Welcome to the Database Programmer blog. This blog is for anybody who wants to see practical examples of how databases work and how to create lean and efficient database applications. There is a Complete Table Of Contents that is updated each week, and a Master list of table design patterns that is updated whenever a new design pattern is presented.
Good Marketing, Terrible AnalogyNormally I like to reserve this space for a positive presentation of things that I have found that work, I don't like to waste time ranting against things I don't like. However, ORM is so pervasive in some circles that it is important to establish why you will not see it used here, so as to avoid a lot of unnecessary chatter about its absence.
The use of the term "impedance mismatch" is great marketing, worthy of a certain software company in the Northwest of the US, but the analogy is utterly wrong. The analogy is used incorrectly to imply an intrinsic incompatibility, but the real irony is that there is no such incompability, and if we want to use the analogy we are forced to say that ORM is the impedance mismatch, because it creates the inefficient connection.
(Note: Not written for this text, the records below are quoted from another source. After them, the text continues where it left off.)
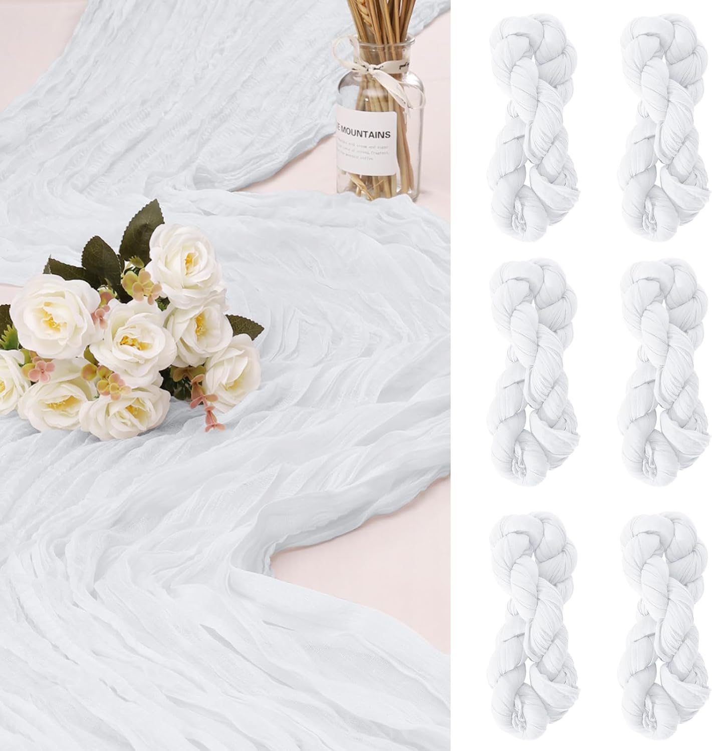 6 Pack Cheesecloth Table Runner 10Ft Christmas Gauze Boho Table Runners for Wedding Decor Bridal Shower Decorations Baby Shower Party(35" x 120")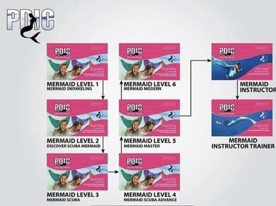 Chương trình thầy tiên cá PADI có 4 level học bắt buộc để lên thầy tiên cá, Mermaid Instructor là thầy tiên cá cao nhất có thể dạy được trong hồ bơi lẫn ngoài biển, thầy tiên cá căn bản Basic Mermaid Instructor chỉ dạy được trong hồ bơi tới level 3 và trợ lý thầy tiên cá Mermaid Instructor Trainer chỉ dạy được trong hồ bơi level 1 và 2.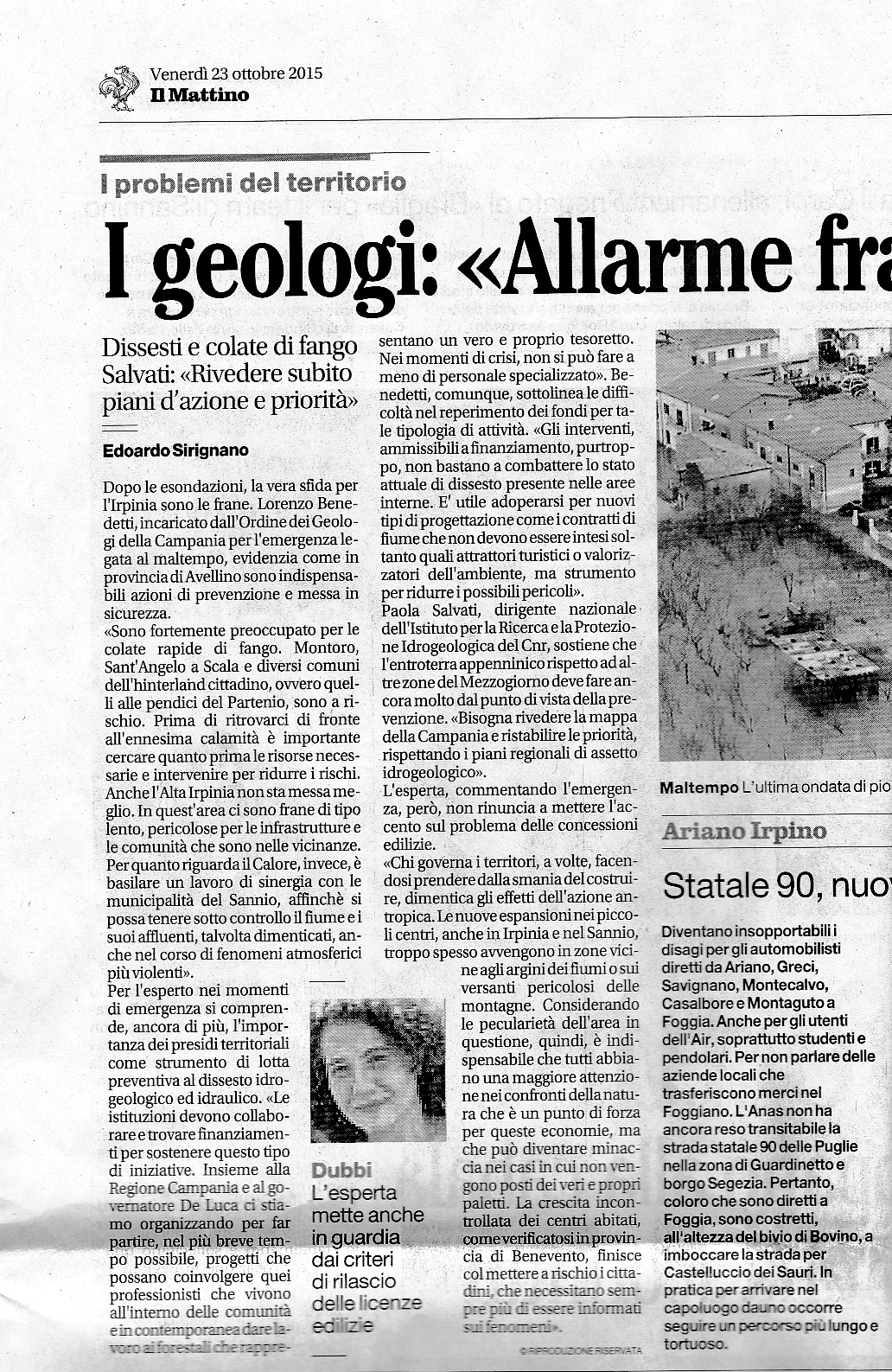 Intervista a Paola Salvati, Ricercatrice del CNR IRPI di Perugia, su "Il Mattino" del 23/10/2015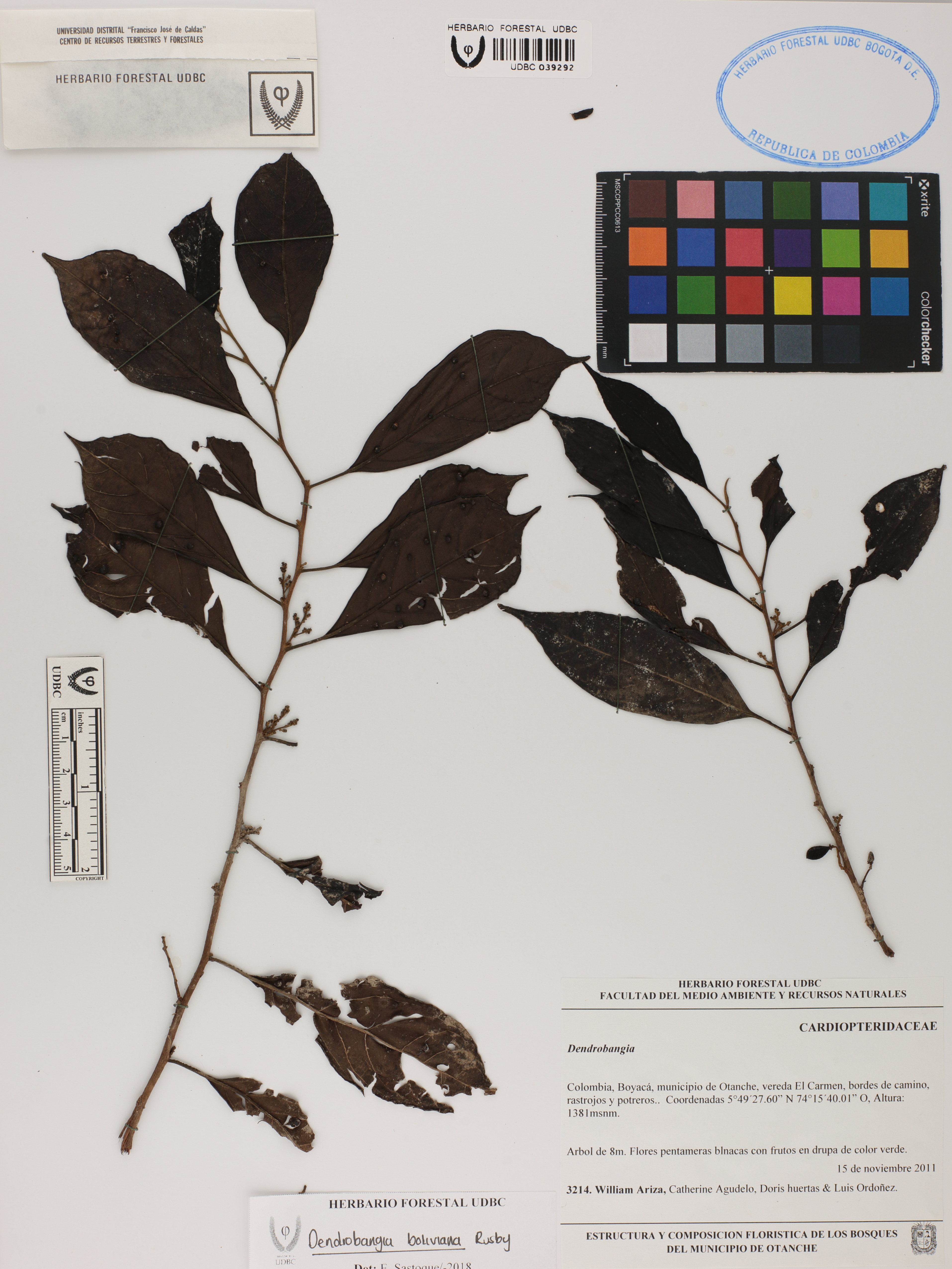 Fotografía del ejemplar Ariza, W. 3214, determinado como Dendrobangia boliviana en el año 2018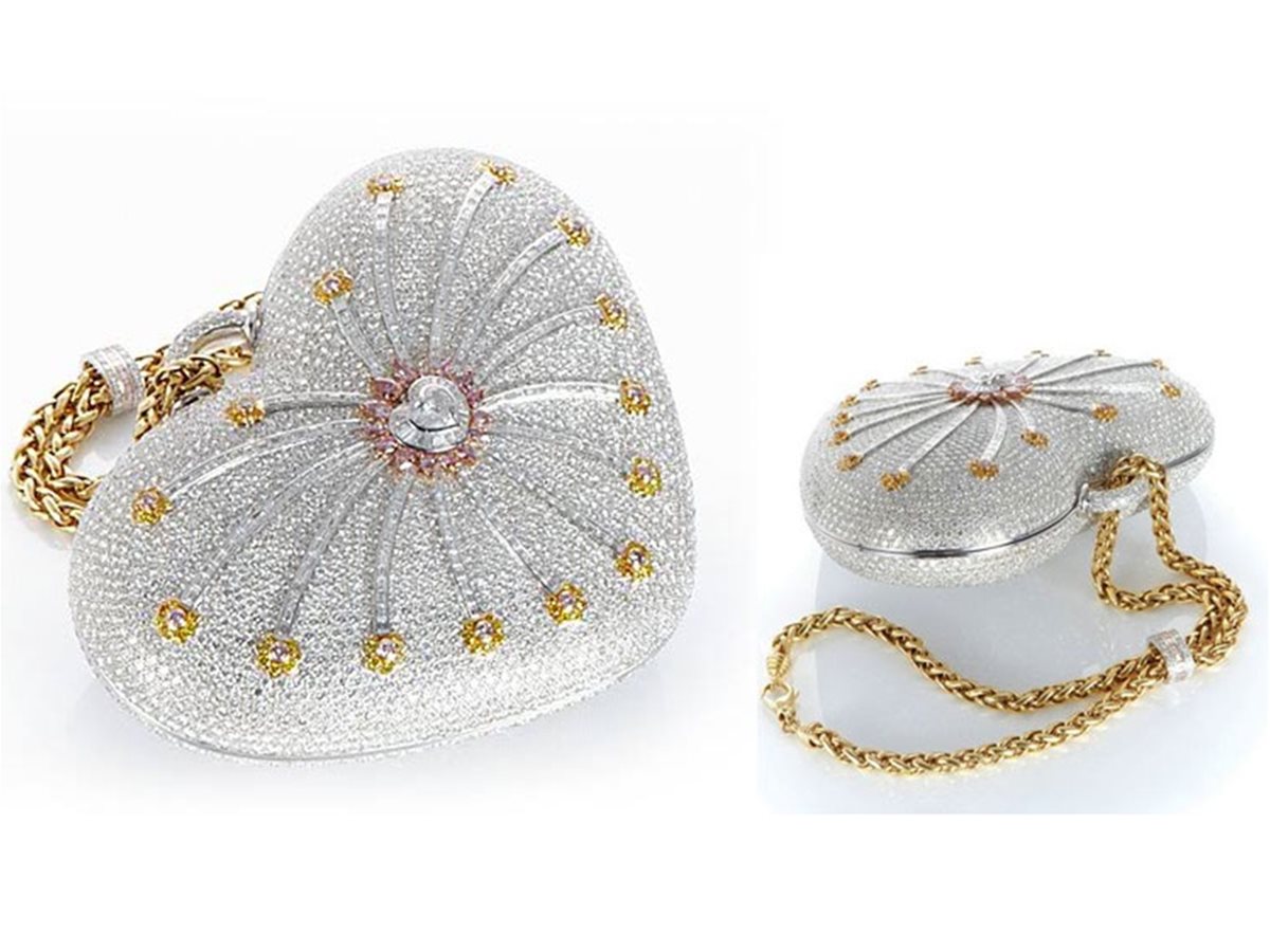 Tas yang memiliki bentuk seperti hati ini merupakan tas termahal nomor satu di dunia loh teman. Tentu dibalik harganya yang sangat memuakau pastinya pembuatanyaa tidak mudah dan menggunakan bahan yang sangat mahal. Bahkan dalam pembuatan tas ini diperlukan 10 orag seniman ternama dengan waktu produksi selama 8800 jam. Tas mewah yang sangat fanastis ini dibuat dengan berlapis emas sebanyak 18 karat dan 4365 permata. Tas mewah ini dibandrol dengan harga Rp. 50 Milliar rupiah.

It always comes back to the fact that modern databases were designed to provide highly reliable permanent storage, and they possess a slew of features that promote that end. Programming languages on the other hand are meant to process data in a stepwise fashion. When the two of them meet it is very important to establish a strategy that uses the strengths of both, instead of trying to morph one into the other, which never yields efficient results.
The Very BasicsThe language SQL is the most widely supported, implemented, and used way to connect to databases. But since most of us have long lists of complaints about the language, we end up writing abstraction layers that make it easier for us to avoid coding SQL directly. For many of us, the following diagram is a fair (if not simplified) representation of our systems:
This diagram is accurate for ORM systems, and also for non-ORM systems. What they all have in common is that they seek to avoid manually coding SQL in favor of generating SQL. All systems seek to give the programmer a set of classes or functions that makes it easy and natural to work with data without coding SQL manually.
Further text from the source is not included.